Optimizing MongoDB Query Performance with Indexing
Introduction
Indexing is a powerful way to improve the performance of your MongoDB queries. Without indexes, MongoDB must scan every document in a collection to find the ones that match the query, which can be slow. In this blog, we will create an index on a field, analyze the query performance before and after indexing, and see how much improvement it provides.
Prerequisites
- Basic understanding of MongoDB.
- MongoDB installed on your machine or access to a cloud service like MongoDB Atlas.
Step 1: Create a MongoDB Collection and Insert Documents
We’ll start by creating a collection called users
and inserting some sample documents to work with.
Inserting Sample Documents
db.users.insertMany([
{ name: "Alice", age: 28, city: "New York" },
{ name: "Bob", age: 34, city: "Los Angeles" },
{ name: "Charlie", age: 22, city: "Chicago" },
{ name: "Diana", age: 29, city: "New York" },
{ name: "Ethan", age: 42, city: "Los Angeles" },
{ name: "Frank", age: 30, city: "San Francisco" },
{ name: "George", age: 38, city: "Austin" }
]);
Step 2: Measure Query Performance Before Indexing
Let’s start by measuring the query performance before creating an index. We’ll use the explain()
method to get query execution stats.
Query Example
Let’s run a query to find all users whose age is 30 or more.
db.users.find({ age: { $gte: 30 } }).explain("executionStats")
This will return a detailed execution plan. Look for the following in the output:
- Total Documents Examined: This shows how many documents MongoDB had to scan.

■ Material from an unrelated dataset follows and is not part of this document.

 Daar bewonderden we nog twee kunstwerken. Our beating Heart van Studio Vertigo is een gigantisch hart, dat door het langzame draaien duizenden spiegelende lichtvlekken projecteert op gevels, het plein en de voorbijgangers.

- Execution Time: This gives the total time it took to execute the query.
Example Output Before Indexing
{
"executionStats": {
"nReturned": 3,
"totalDocsExamined": 7,
"executionTimeMillis": 2
}
}
Here, MongoDB had to examine all 7 documents to return the 3 that matched our query, and it took 2 milliseconds.
Step 3: Create an Index on the Age Field
To improve query performance, let’s create an index on the age
field.
Create Index
db.users.createIndex({ age: 1 })
This command creates an ascending index on the age
field. The 1
indicates ascending order. You could also create a descending index by using -1
.
Step 4: Measure Query Performance After Indexing
Now, let’s run the same query again and measure the performance after the index is created.
Query After Indexing
db.users.find({ age: { $gte: 30 } }).explain("executionStats")

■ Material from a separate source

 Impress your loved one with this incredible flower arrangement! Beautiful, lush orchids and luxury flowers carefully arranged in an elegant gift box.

Example Output After Indexing
{
"executionStats": {
"nReturned": 3,
"totalDocsExamined": 3,
"executionTimeMillis": 0
}
}
After indexing, MongoDB examined only 3 documents (those that matched the age >= 30
condition) and executed the query in 0 milliseconds! This is a significant improvement over the previous scan of all 7 documents.
Step 5: Verifying the Index
To verify that the index has been created, you can list all indexes on the users
collection using the getIndexes()
method:
db.users.getIndexes()
This will display all the indexes, including the one we created on the age
field.
Example Output
[
{
"v": 2,
"key": { "_id": 1 },
"name": "_id_",
"ns": "my_database.users"
},
{
"v": 2,
"key": { "age": 1 },
"name": "age_1",
"ns": "my_database.users"
}
]
You can see that an index named "age_1"
has been created on the age
field.
Conclusion
In this blog post, we explored how to create an index in MongoDB to improve query performance. We demonstrated the significant improvement in query execution time after indexing the age
field. Indexes are a powerful tool in MongoDB, especially when dealing with large datasets, as they reduce the number of documents MongoDB needs to scan to find matching documents.